- Born: c. 1972
- Origin: Buffalo, New York, US
- Died: August 2020 (aged 48)
- Genres: Hip hop
- Occupation: Record producer
- Labels: Buff City

= DJ Shay =

American record producer (c.1972–2020)

Demetrius Chawton Robinson (c. 1972 – August 2020), known professionally as DJ Shay, was an American disc jockey and record producer who often collaborated with Griselda Records artists.

== Biography ==
Robinson was born c. 1972. At age 10, began DJing for local events in Buffalo, New York, after receiving a turntable for Christmas.

Robinson began producing for a group called Brotherhood Nation. He first worked with Benny the Butcher and Conway the Machine in the 2000s. He was a co-producer on Benny the Butcher's 2019 EP The Plugs I Met.

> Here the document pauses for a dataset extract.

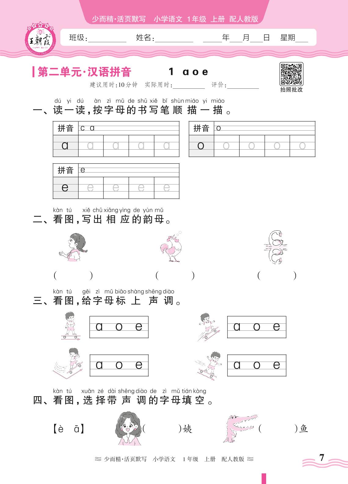2024秋上册一年级语文人教版 第二单元 汉语拼音——1. ɑ o e_R240819140302675

Robinson helped Armani Caesar create her first song while working in his recording studio.

=== Death and legacy ===
Robinson died in August 2020, from COVID-19, aged 48. His funeral service was held on August 27. After the funeral concluded, Conway the Machine—an attendee—was handcuffed, but not arrested.

On September 9, 2022, the Black Soprano Family released the mixtape Long Live DJ Shay in tribute.